Moose says he will use his “degree in conjunction with my wildlife photography to help educate others about the plight of animals, conservation, and the environment through presentations, teaching at nature centers, and writing books.”

Immediately after receiving his doctorate degree, he headed to the Yellowstone Ecosystem to pursue research for his sixth book 50 Wildlife Hotspots in Yellowstone National Park. His previous books include three scientific books (microhistological atlases), a safari guide, and the recently released 50 Wildlife Hotspots in Grand Teton National Park.

Prior to leaving campus, Moose donated a display of his wildlife images for the basement area of Horner Hall in the Noblet Forestry Building.

Maria Krivova

PhD Student, Forest Science

How far would you travel to pursue a passion? Maria Krivova, a second-year PhD student of forest science, traveled from Russia with her husband, three children, and two-year-old German Shepherd, Rover, to pursue her unrelenting passion for photogrammetry, remote sensing, and GIS. Photogrammetry is the science of making measurements from photographs.

Geographic information systems (GIS) store all collected information (including remote sensing and from fieldwork), check, display, and process data related to the Earth’s surface.
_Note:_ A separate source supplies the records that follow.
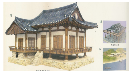
Fig. 2. Traditional Han-Ok Maeul set development,

Based on the surveyed information, architectural structures and space function of Han-Ok will provide practical resources and arrangement for the space, and it can be applied as design for theatrical art and a broadcast set, and as background for a game, movie, and drama. Figure 2 shows traditional Han-Ok maeul set development by the Yeogeum [3].
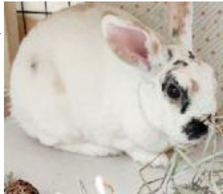
The incomparable Carmela.

dogs, cats and rabbits from more than 40 rescue groups and shelters. Sponsors included Petco and the Petco Foundation, Bobs From Skechers, and JustFoodForDogs.
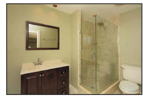
The Master suite features French doors and a totally remodeled private bath.
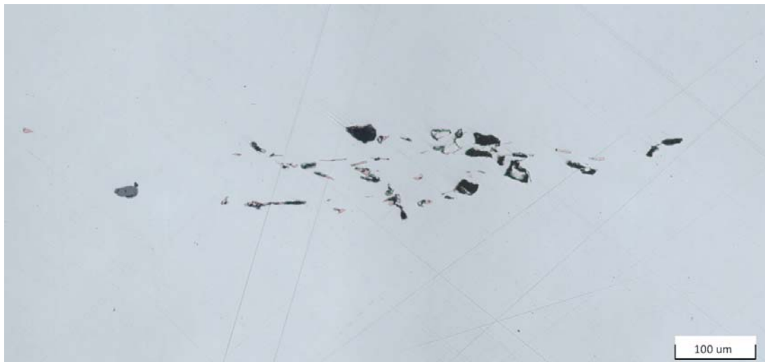
Figure 3. Specific inclusion in the metal sample, № R6986A1-1 view of the micro section

Photos inclusions micro sections and map the distribution of elements in the inclusions are shown in Figure 3 and Figure 4.
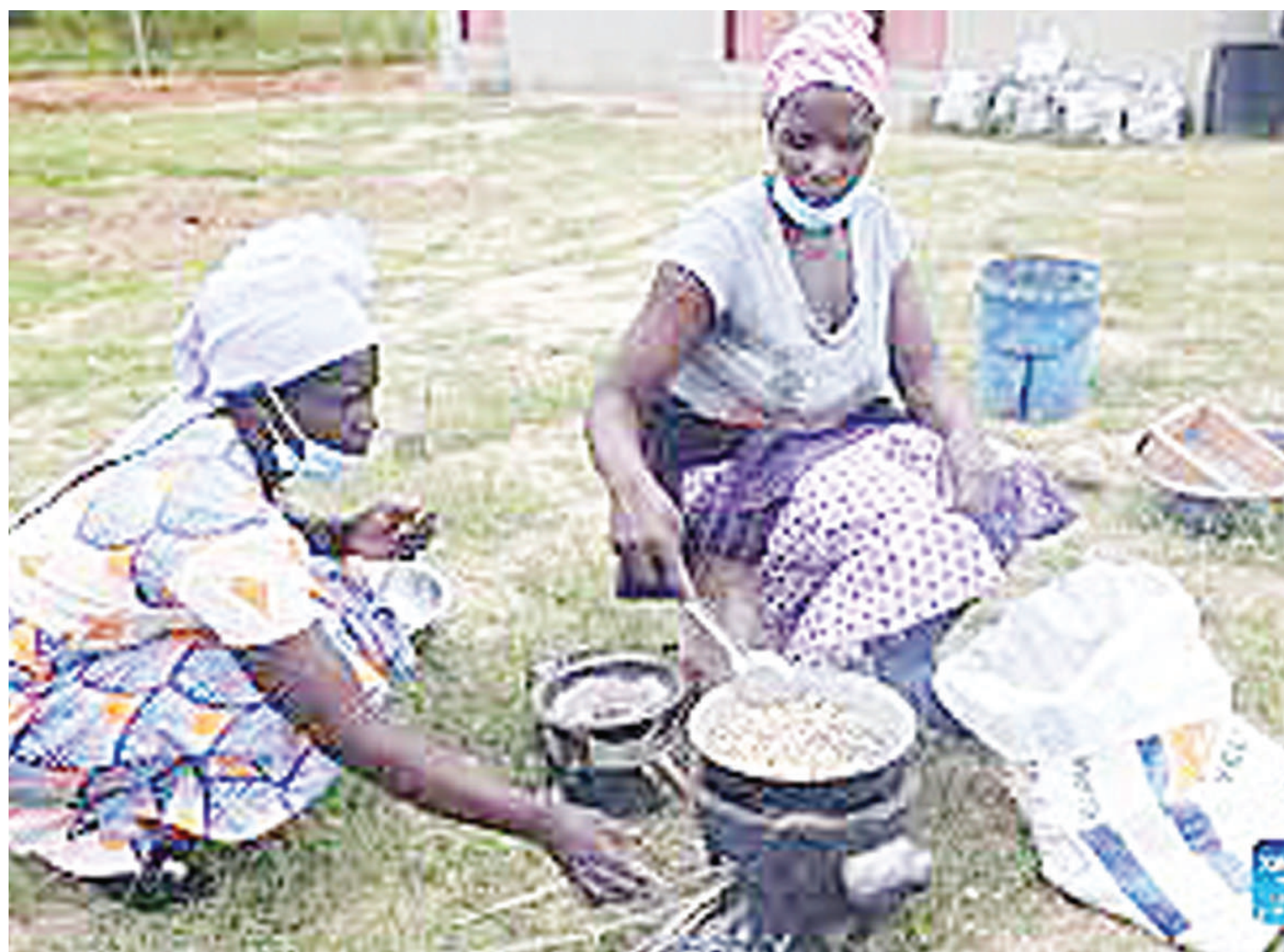
Members of the Women's Farming Syndicate (WFS) roast baobab fruit seeds in Domboshava, Mashonaland East Province, Zimbabwe

While indigenous knowledge systems in treating diseases remain one of the most valuable intellectual resources owned by rural communities in Zimbabwe, Machingauta said it has been the
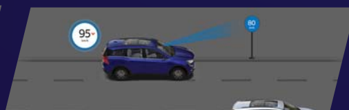
TRAFFIC SIGN RECOGNITION
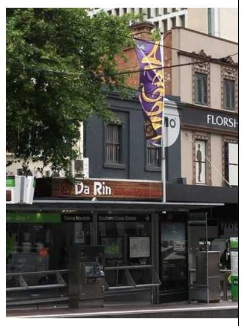
Heritage Place: Shop
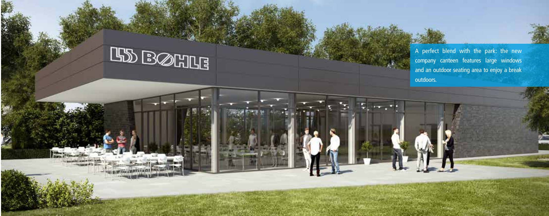
A perfect blend with the park: the new company canteen features large windows and an outdoor seating area to enjoy a break outdoors.
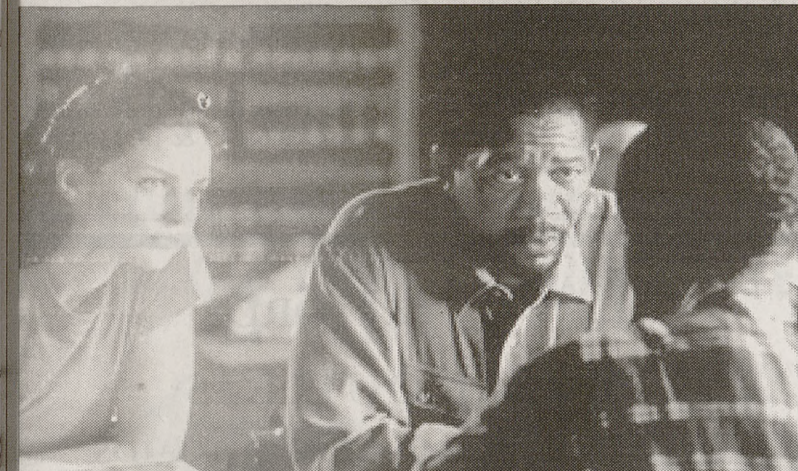
Ashley Judd and Morgan Freeman try to find a psychopathic kidnapper named Casanova in the new film, Kiss the Girls
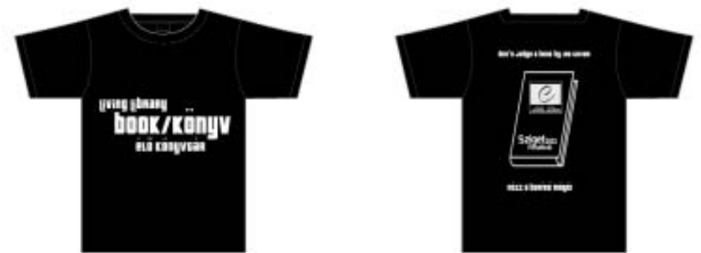
Book t-shirts of the Living Library at the SZIGET Festival Design: Art Factory, Budapest

At Michigan Tech, Maria is using the method to estimate tree biomass through the process of calculating the number of trees in a forest. If her research sounds overly ambitious, you should get to know Maria—a woman not short of ambition. “It is so important to do what you really want to do. I’m excited to be here. Forestry is like a big family,” she says.

Maria’s passion for photogrammetry ignited during her studies at the Siberian State Academy of Geodesy. Upon graduation, Maria had the opportunity to teach at the university and begin pursuing her PhD. However, she was forced to put her education and career in the field on hold. Maria worked for more than 10 years in marketing while she raised her three children. Though Maria was good at her work she claims she “always felt like something was missing. I felt I wanted to return to my profession but it felt too late to return to it. One day I said to my husband I couldn't stand it anymore, I want to return to my profession.” And so she did.

Maria began studying old textbooks and reading new research articles in the field to prepare for her return to photogrammetry. She even took an online course on GIS from the University of California, Davis. She translated articles into English to improve her English skills. Finally, in October 2017, Maria and her family arrived in Houghton and she dove into her passion as a full-time forest science graduate student.